On that Sabbath, all was going well. Why didn't you accept the acclaim, Jesus? Why didn't you leave well enough alone? Instead you aroused their ire by reminding them that God's universal love extended beyond their own country and their own people. Suddenly, their admiration turned to such violent wrath that they wanted to hurl you over the edge of the cliff  It is a wonder you escaped! You passed through their midst and went on your way, but there was an occasion when even your family wondered at your sanity. They went out to get you because people were saying you had lost your mind.

You left Nazareth and made your primary residence Capernaum, on the shore of the Sea of Galilee, the hometown of Peter. Peter was one of the first whom you called to be your follower. He, his brother Andrew, and the two brothers, James and John, sometimes called "the sons of thunder," were fishermen. Even in your choice of disciples, you were telling us something, weren't you, for you chose common, uneducated men. You constantly gave recognition to those the culture regarded as non-persons -women, children, prostitutes, and sinners. You chose to associate with people who were ostracized -like tax collectors. They were considered traitors because they not only collected taxes for the Roman Empire, but they had authority to assess them on a whim, keeping for themselves the amount above what the government required. People had no recourse but to pay what was demanded and the collectors were highly resented. The phrase "tax collectors and sinners," appears throughout the gospels. And you invited Matthew, a tax collector, to be one of your inner group!

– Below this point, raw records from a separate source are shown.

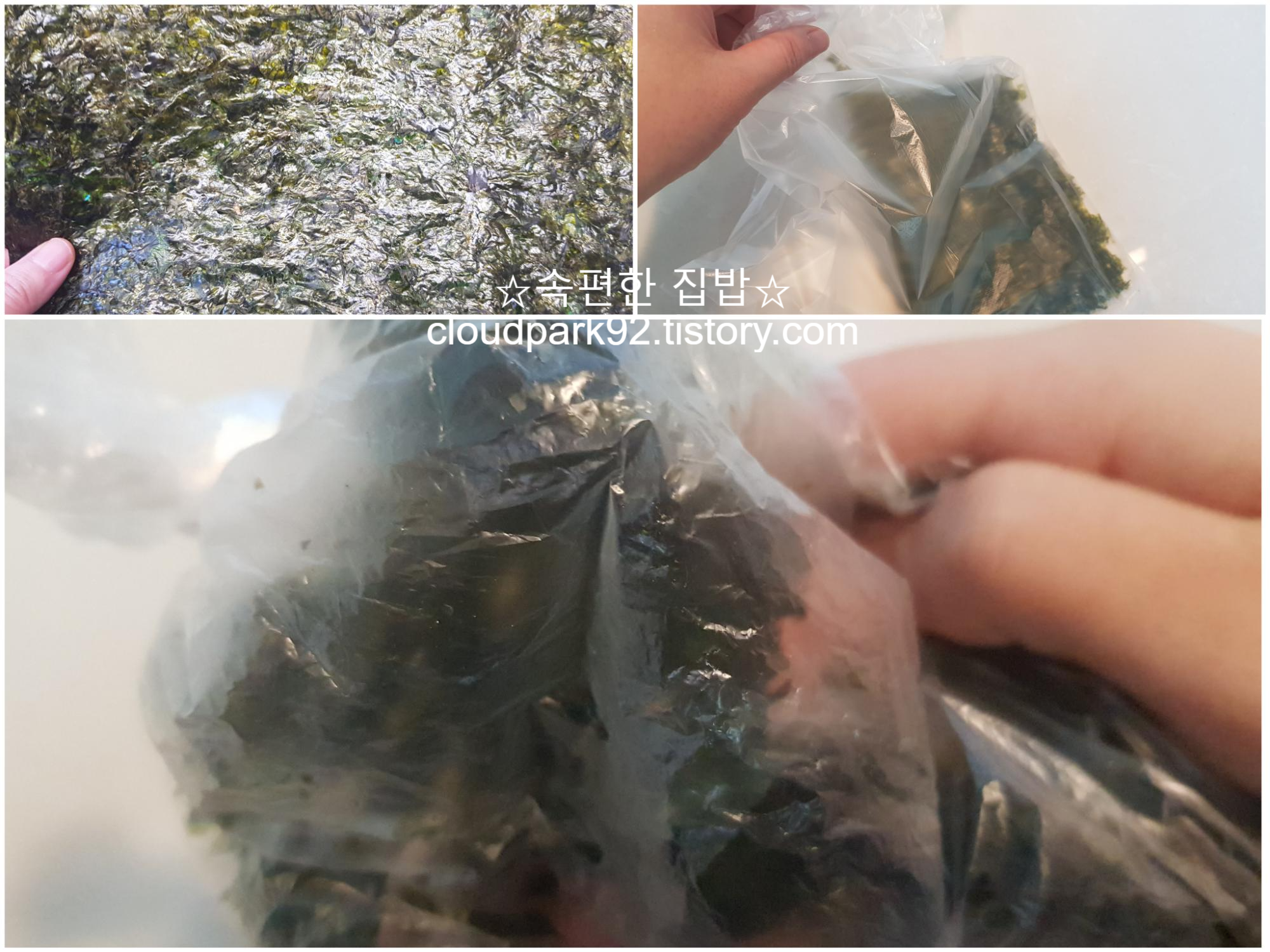 집에 있는 구운 김을 비닐에 넣고 부셔주었어요
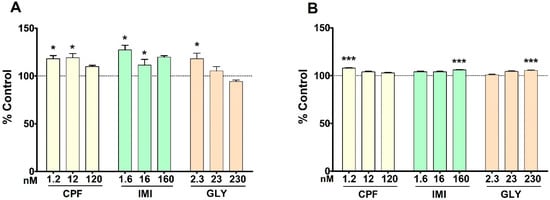 In MCF-12A (Figure 2), cell viability was decreased only by CPF at the two highest doses of (120 nM and 1.2 µM), whereas IMI at 160 pM induced a significant increase of cell vitality. Conversely, cell proliferation was significantly reduced by CPF at all tested concentrations, by IMI at the highest dose (1.6 µM) and by GLY at the higher doses (23 nM, 230 nM and 2.3 µM).
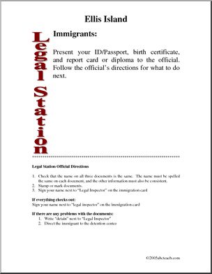 Learning about Ellis Island? Bring the lesson to life with this activity, in which students play immigrants, interpreters, examiners, etc. Signs for the various stations (medical, etc.); instructions for examiners, and “documents” for immigrants to carry are all included.
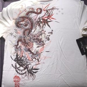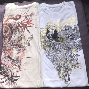 New with tags. Both size medium. Cream color with brown orange and peach snake design. White shirt with black and metallic gold design.
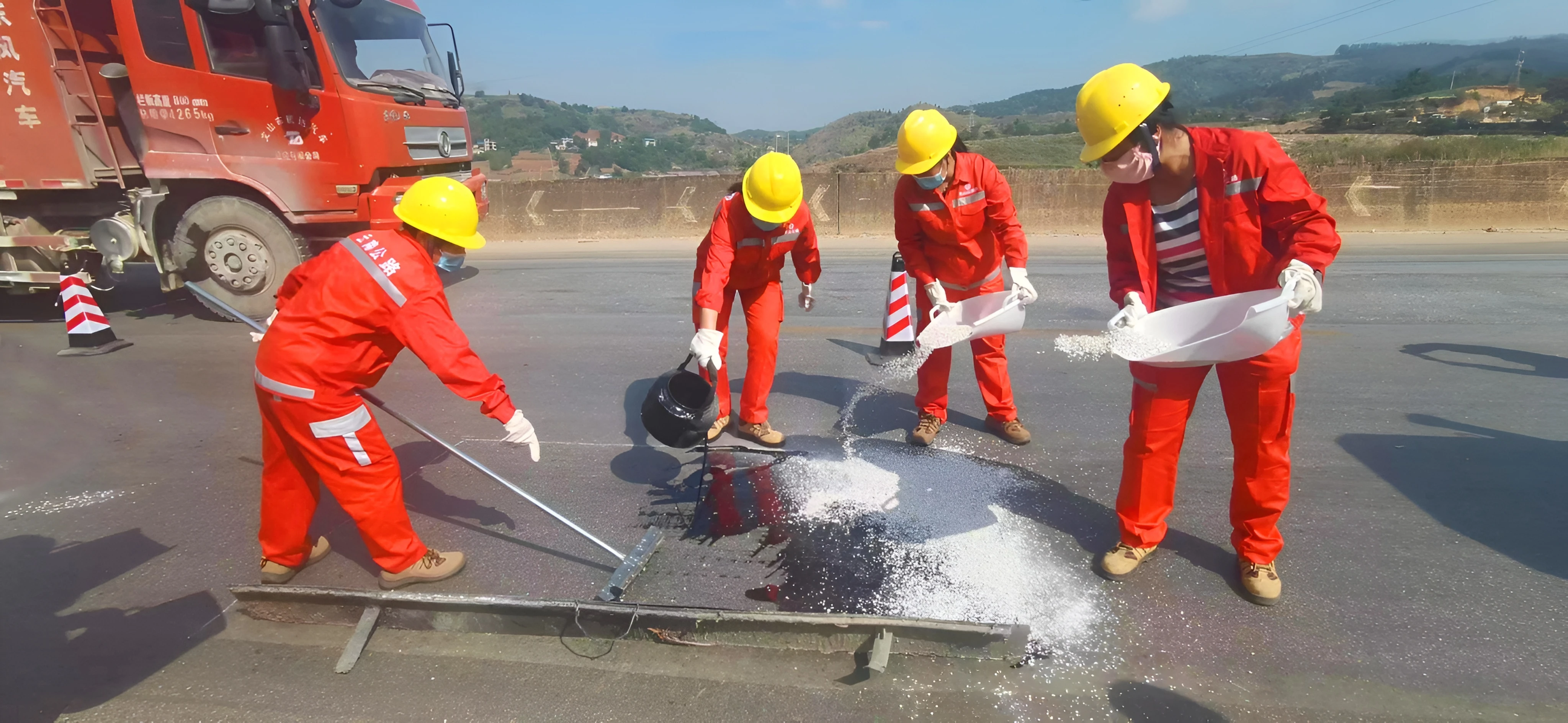 夏季,40多度的高温炙烤着大地,地里的庄稼都被晒得奄奄一息,爱美的女性几乎不敢出门,偶尔出门也要“全副武装”,只留下两只眼睛看路。而夏季正是公路养护的“黄金季节”,为确保路面病害在雨季到来之前得到及时处治,这群养护女工们早出晚归,穿着橘红色的工作服奔忙在几乎被太阳烤熟了的路面上刮油封裂、填坑洒沙,特别在铺筑路面时,面对120—160度的沥青,她们仍然撸起袖子加油干,拿起铲子熟练地收边,顾不得起泡的双手、顾不得滚烫的脚底,尽管汗水湿透衣背,沥青沾满裤腿,她们仍然干劲十足,无怨无悔,黝黑的脸上绽放着灿烂的笑容。

Crowds of people came to listen to your teaching, for you taught as one who had authority. They quickly discovered that you could heal people of their diseases, give sight to the blind, cause the lame and paralyzed to walk, and even raise the dead. Those were the ordinary people, but within the crowds were students of the Law- Pharisees and their scribes. You were not the first one who had appeared, claiming to be the long-awaited Messiah, spoken of by the prophets. They attracted crowds and the Pharisees took it as their duty to check them out.

They soon noticed that you did not observe the Mosaic Law. This was the Ten Commandments received by Moses, interpreted and supplemented through the centuries. As early as Mark's third chapter, he tells that these groups of people conspired against you, looking for how to destroy you.

I confess, Jesus that I am not like you. I often tailor my remarks according to the group of people I am with, but you were not reshaped to suit the crowd. You were who you were and not only did you invite Matthew to be your follower but you accepted an invitation to dinner at his house. When the Pharisees asked your friends why you ate with tax collectors and sinners, you said, "I have come to call not the (self) righteous but sinners to repentance.”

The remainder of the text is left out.